労働契約法第5条は、使用者が労働者の生命と身体の安全に配慮する義務、いわゆる「安全配慮義務」を負うことを定めています。この義務は、判例上、非常に広範に理解されており、健康障害の防止、労働時間管理、メンタルヘルス対応、ハラスメント防止など、事業運営のあらゆる場面に及びます。
産業医は、この安全配慮義務の履行を、医学的な側面から支える存在です。「会社の側」でも「従業員の側」でもなく、貴社が法令上果たすべき義務を、専門的知見をもって適切に履行できるよう補助する。それが産業医の位置づけであると、私は考えています。
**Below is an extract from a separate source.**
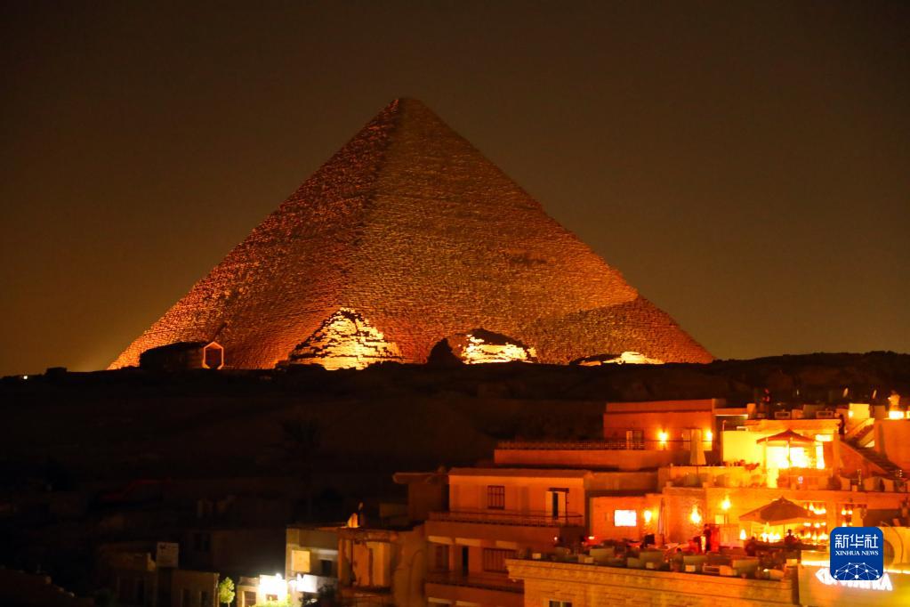 9月27日,埃及吉萨金字塔群景区为游客上演声光秀。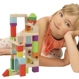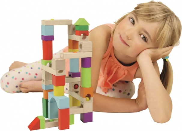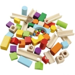 Set barvnih lesenih blokov in stez omogoča neskončne možnosti pri gradnji steze, medtem ko razvija fino motoriko in kreativnost.

このことは、実務にも直接影響します。たとえば、長時間労働者への面接指導の場面。面接指導そのものは労働安全衛生法上の義務ですが、その結果として就業上の措置が必要と判断された場合、その意見を書面で明確に示すことは、貴社が安全配慮義務を果たした証跡ともなります。逆に、産業医が形式的な面談だけで済ませ、必要な意見を示さなかった場合、貴社は「産業医の意見に基づいて適切な措置を取った」という説明ができなくなります。
産業医は、会社に対しても、労働者に対しても、忖度なく意見を述べることが求められる立場です。当事務所は、その役割を独立系事務所という契約形態のもとで、忠実に果たすことを目指しています。